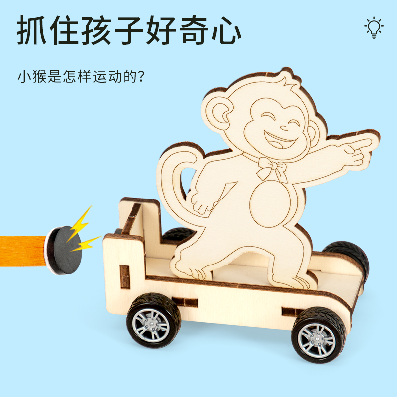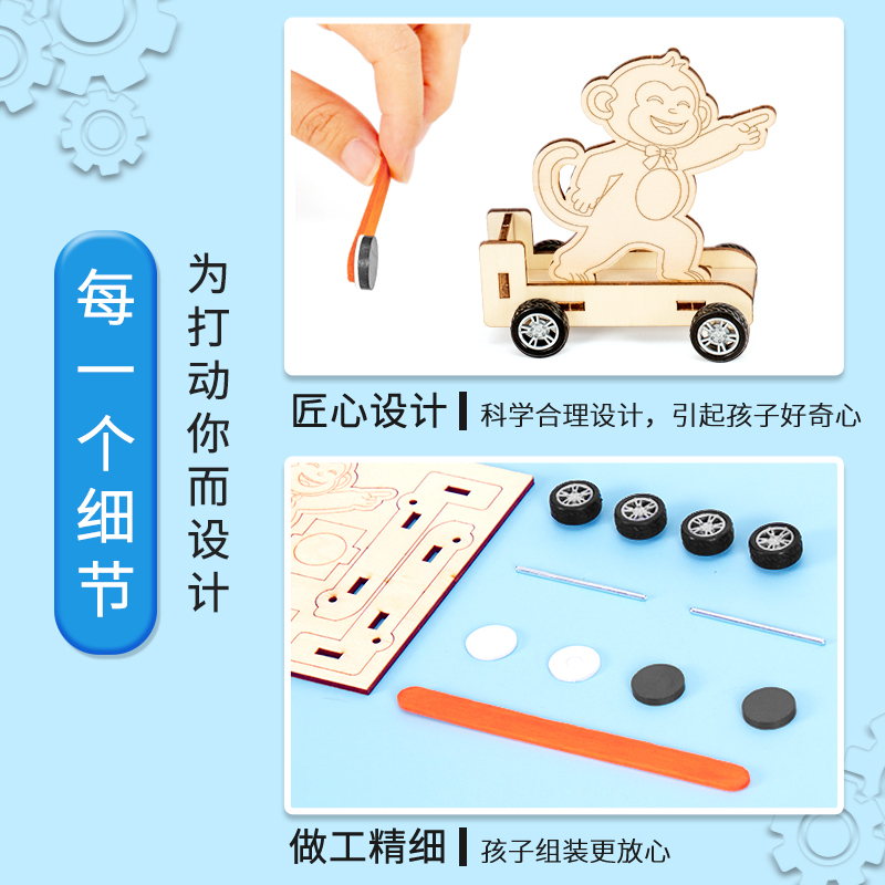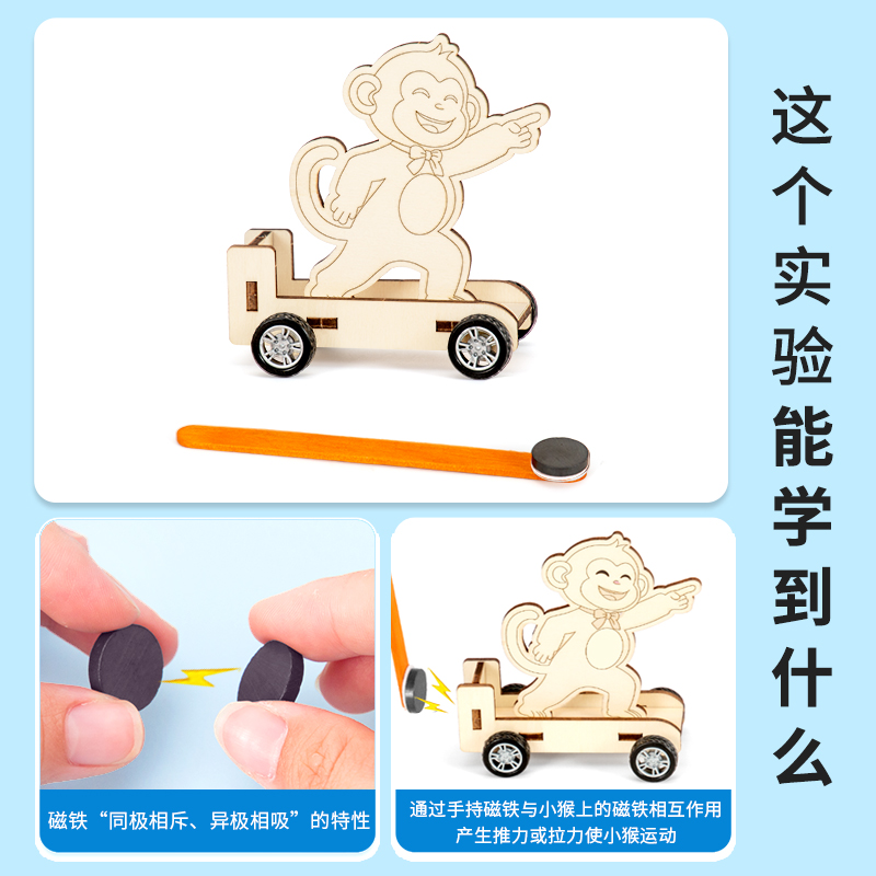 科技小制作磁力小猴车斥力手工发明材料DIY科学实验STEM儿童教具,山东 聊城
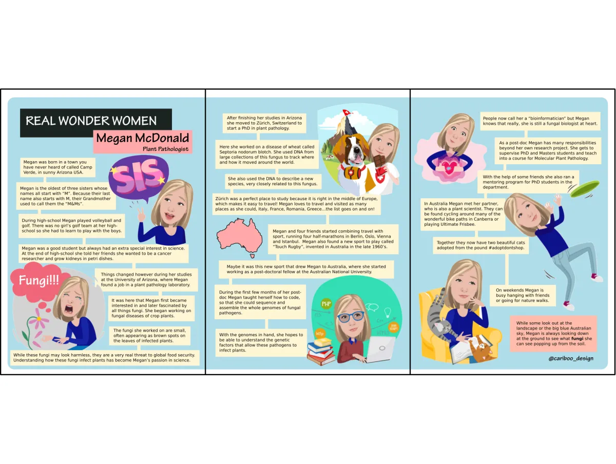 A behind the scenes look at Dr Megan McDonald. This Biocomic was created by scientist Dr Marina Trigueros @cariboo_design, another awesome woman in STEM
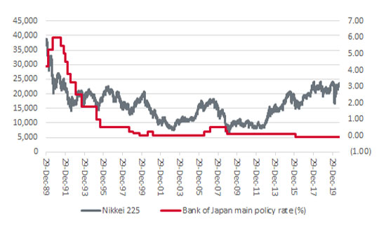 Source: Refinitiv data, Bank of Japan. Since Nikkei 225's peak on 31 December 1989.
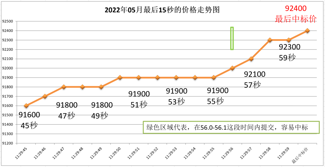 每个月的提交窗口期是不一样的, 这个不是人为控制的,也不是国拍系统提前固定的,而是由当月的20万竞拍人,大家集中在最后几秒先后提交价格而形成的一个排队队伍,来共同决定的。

------------------------------------

**INSTRUCTIONS TO FOLLOW:**
Please copy out each line above exactly as written, but not the pictures.

**OUTPUT FOR THIS TASK:**
 科技小制作磁力小猴车斥力手工发明材料DIY科学实验STEM儿童教具,山东 聊城
 A behind the scenes look at Dr Megan McDonald. This Biocomic was created by scientist Dr Marina Trigueros @cariboo_design, another awesome woman in STEM
 Source: Refinitiv data, Bank of Japan. Since Nikkei 225's peak on 31 December 1989.
 每个月的提交窗口期是不一样的, 这个不是人为控制的,也不是国拍系统提前固定的,而是由当月的20万竞拍人,大家集中在最后几秒先后提交价格而形成的一个排队队伍,来共同决定的。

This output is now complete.